In this study, we applied 16 wavelengths to create a multispectral image set for visualizing hemoglobin and fat. It was critical to apply the spectroscopic imaging study in order to confirm the contrast origin and to demonstrate the feasibility of using hemoglobin and fat for differentiating cancerous and normal tissue. Nonetheless, it is not necessary to record 16 wavelengths for clinical application since hemoglobin and fat have distinctive spectral profiles. In practice, two wavelengths at 1064 nm and 1200 nm should be enough to distinguish hemoglobin and fat. PAT with 1064 nm excitation has been widely accepted for imaging of hemoglobin in breast tumors because it provides sufficient contrast, enables superior tissue depth penetration compared with visible excitation, and is easily generated through Nd:YAG medium. 1200 nm excitation, where the second overtone of C-H vibration locates, is known for visualization of lipid in deep tissue [48, 52], and is easily generated through an OPO system or a Raman cell [49, 52, 55]. With such dual-wavelength excitation in a mobile system, future clinical application of PAT is promising.

Sensitivity and specificity

In lumpectomy procedures, surgeons base the amount of tissue that can be resected on obtaining a good cosmetic result while still achieving negative margins [5]. Therefore, maximizing the sensitivity in breast tumor margin assessment is essential.

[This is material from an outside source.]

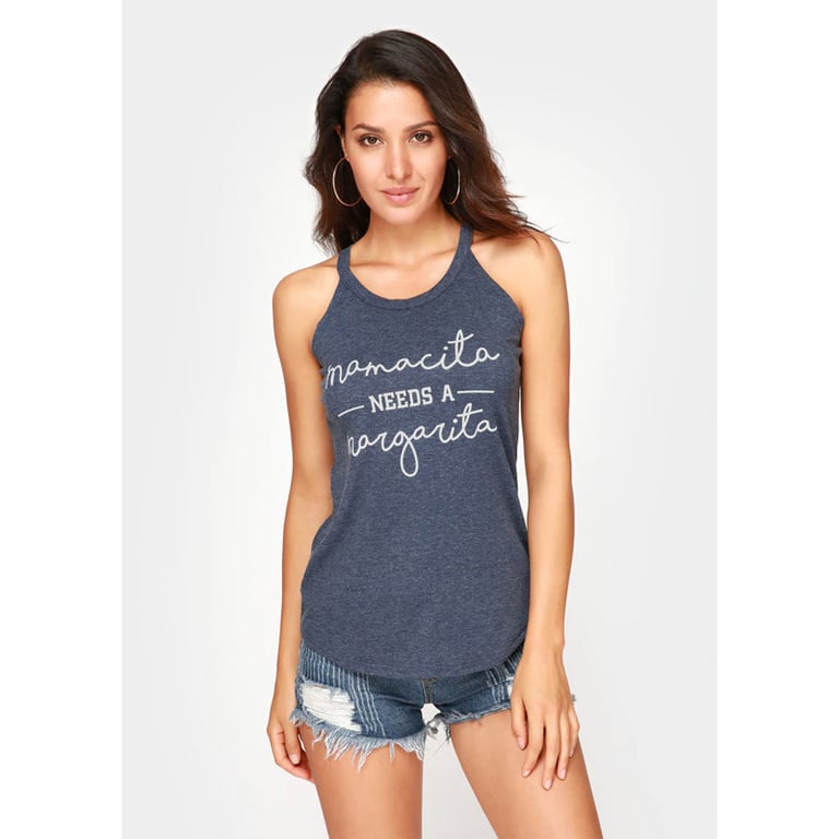 Top de mujer con tirantes y escote halter. Corte ajustado. Estampado con texto en la parte delantera.

In this study, we applied a classification rule that only fatty tissue with scattered connective tissue is considered as normal tissue. As a result, 100% sensitivity was achieved. In our study, as a trade-off to the high sensitivity, the dense connective tissue was also characterized as cancer in one case, which led to a reduced specificity of 75%. However, given the mechanical property differences between the dense connective tissue and cancer tissue, frequency analysis of their photoacoustic signals can be applied to improve the specificity.

Imaging speed

Our system can assess the surface of the entire tumor tissue with a speed of 4.5 cm²/min when 16 wavelengths are applied. This results in a 3-D multispectral image ((x × y × z) × λ). As discussed, if 2 or 3 wavelengths are applied, the speed can be further improved. Theoretically, with a 10 Hz laser, 15 mm x 5 mm illumination area, 200 μm translational step size, and 2 wavelength excitation, the speed can reach ~36 cm²/min, making multispectral PAT a rapid tool for assessing the entire excised tissue surface.

5. Conclusion

We have demonstrated a multispectral PAT system, which assesses the margin status of excised human breast tissue. This system has sub-millimeter axial resolution, mm-scale deep tissue penetration and high imaging speed. For margin assessment during lumpectomy procedures, further developments of the PAT system are needed to improve the imaging speed, laser compactness, and specificity of the assessment.